Definitive identification of C. albicans can be accomplished with commercially available automated systems such as API Candida (bioMerieux), the MicroScan WalkAway System (Dade Behring), Vitek (bioMerieux), Auxacolor (Sanofi Diagnostic Pasteur), or Yeast Star (CLARC Laboratories). However, a limitation to these identification systems is the prolonged time to obtain final results, averaging 24 to 48 h (2, 12, 16, 17). Therefore, there is a clinical need for an accurate assay to identify C. albicans from culture in real time and differentiate it from other yeast species that are often more resistant to antifungal agents.

We developed the simple, rapid (1 h), and accurate PNA FISH^Flow method for the definitive identification of C. albicans isolated from solid or liquid media (excluding blood cultures). This method facilitates the use of two scoring techniques: flow cytometry (FC) and fluorescence microscopy (FM). The main goal of this preclinical study was to determine the feasibility, specificity, and sensitivity of the C. albicans PNA FISH^Flow method using appropriate laboratory strains and clinical isolates. The peptide nucleic acid (PNA) probe used in the present study was previously rigorously tested by using glass side-based fluorescence in situ hybridization (FISH) assays (8, 14, 18), which are now approved by the U.S. Food and Drug Administration for in vitro diagnostic use. Clinical application of this test led to substantial cost savings for hospitals (1, 3).

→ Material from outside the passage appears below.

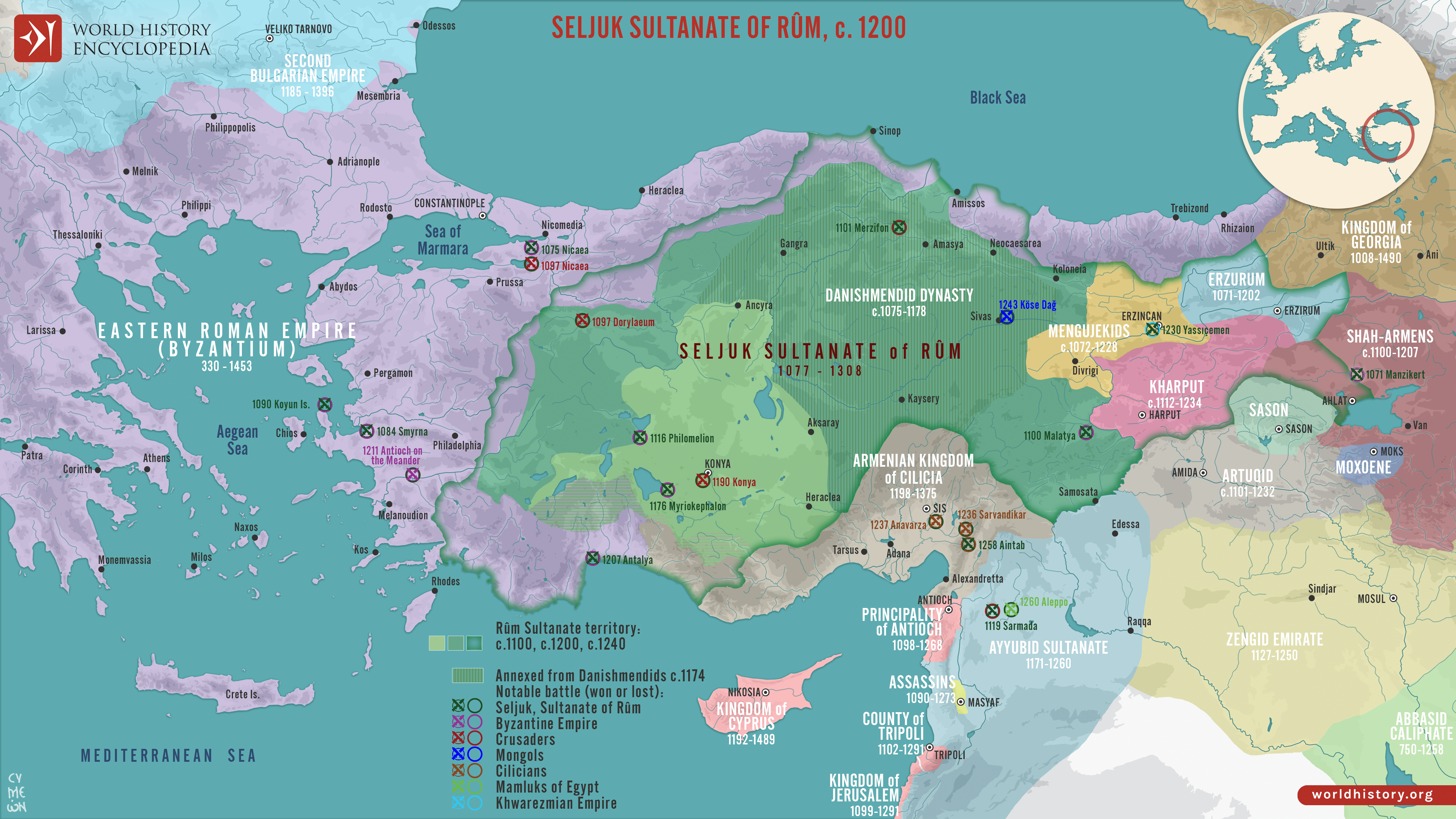 Netchev, S. (2024, September 06). Map of the Seljuk Sultanate of Rum, c. 1200. World History Encyclopedia. https://www.worldhistory.org/image/19415/map-of-the-seljuk-sultanate-of-rum-c-1200/

The C. albicans PNA FISH^Flow kit (prototype kit; AdvanDx, Woburn, MA) was used to analyze samples by the PNA FISH^Flow method. One small (0.5-mm) colony or 20 µl of liquid culture was placed in a microcentrifuge tube containing 0.2 ml of C. albicans PNA^Flow reagent (combined hybridization and fixation solution containing C. albicans-specific fluorophore-labeled PNA probe). The contents were mixed by vortexing, and the samples were incubated at 55°C for 30 min. After 5 min centrifugation (10,000 x g), the supernatant was removed, and the pellet was resuspended in 0.5 ml of Wash Buffer^Flow. Samples were incubated at 55°C for 10 min, and the cells were repelleted, resuspended in 0.5 ml of Wash Buffer^Flow, and heated (55°C, 10 min). The samples were then analyzed by FC and FM after a 5-min cooling period.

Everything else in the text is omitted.